The collection of documents that constitute the investment agreement are summarized in a much shorter document known as the term sheet (anywhere from one to half a dozen pages, depending on the type of investment). Think of the term sheet as a shorthand way of documenting an agreement in principle that takes many pages of legalese to implement. It deals specifically with all of the major points of the relationships, and thus allows both sides to determine quickly whether they want to enter into a deal.
A term sheet is usually (although not always) drafted by the investor and presented to you with a defined date that it needs to be accepted by. If you sign and return it within that period, then the deal is in motion, and the lawyers for each side go back and forth on the documents that will be signed at the closing. Alternatively, you may respond by declining the terms as presented, but indicate that you would be receptive to a deal at a higher valuation, or with a larger investment, or something else. In that case, the ball is back in the court of the investor, who may simply walk away or come back with a revised term sheet.
The period between when an investor presents a signed term sheet to you and the expiration date of the offer is critical for everyone. Since you are not bound by anything in the term sheet until you sign it, you are free to do whatever you want with it, including taking it to other potential investors and saying, in effect, “Look! Here is a signed term sheet that I’ve been given by Tom. Dick, would you be interested in matching or beating it? Just so you know, I’m also speaking with Harry, who has expressed interest as well.”
While it wouldn’t happen in exactly that way, I can guarantee you that the Holy Grail of fund-raising (from a founder’s perspective) is having more than one term sheet from which to choose. And since market competition is one of the main drivers in early stage finance, one term sheet often brings others from potential investors who might have been sitting on the fence.
Because of the possibility (if not likelihood) of their term sheet being shopped around by you to other investors and used as a stalking horse, investors typically try to make the consideration time as short as possible. In most cases, an interested investor will have several conversations with you to figure out the range of terms you are likely to accept. They may also send over an unsigned draft of the sheet that is not binding on them, to get some feedback. After the real term sheet is delivered with a signature, you usually have one to three days to accept or decline the offer.
Once you have signed the term sheet, it is binding—not just legally (for at least some parts of it), but also ethically. If either party backs out of a signed term sheet without a good reason, word will get around, and the action will have long-term repercussions, including a stain on your—or the investor’s—reputation.
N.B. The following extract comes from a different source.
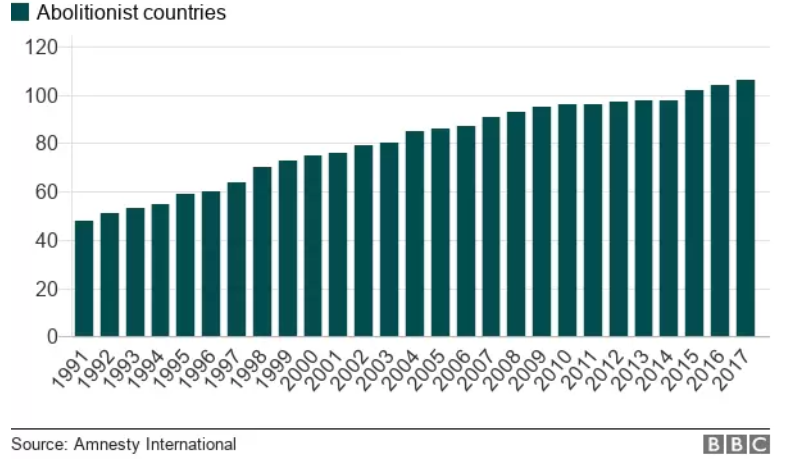 Broj zemalja koje su formalno ukinule smrtnu kaznu stalno se povećavao, sa 48 u 1991. na 106 u 2017. godini. Nijedna druga država nije zabranila smrtnu kaznu 2019. drugu godinu zaredom, ali Amnesty kaže da su 142 zemlje ukinule smrtnu kaznu u zakonu ili u praksi.

After both parties have signed, the lawyers get to work on the full documentation for the round. One lawyer (usually specified in the term sheet) will be responsible for the base drafting, with the other making comments, although in most cases the documents are based on standard industry models. The timing of the actual payment of moneys committed during the investment round depends upon the nature of the round. In friends and family rounds, you may be able to receive funds as they are committed. In a traditional angel round, there will be a targeted range that you are trying to reach, as well as a minimum amount needed to close. Once that minimum is reached, a s closing is held at which the funds are released to the company.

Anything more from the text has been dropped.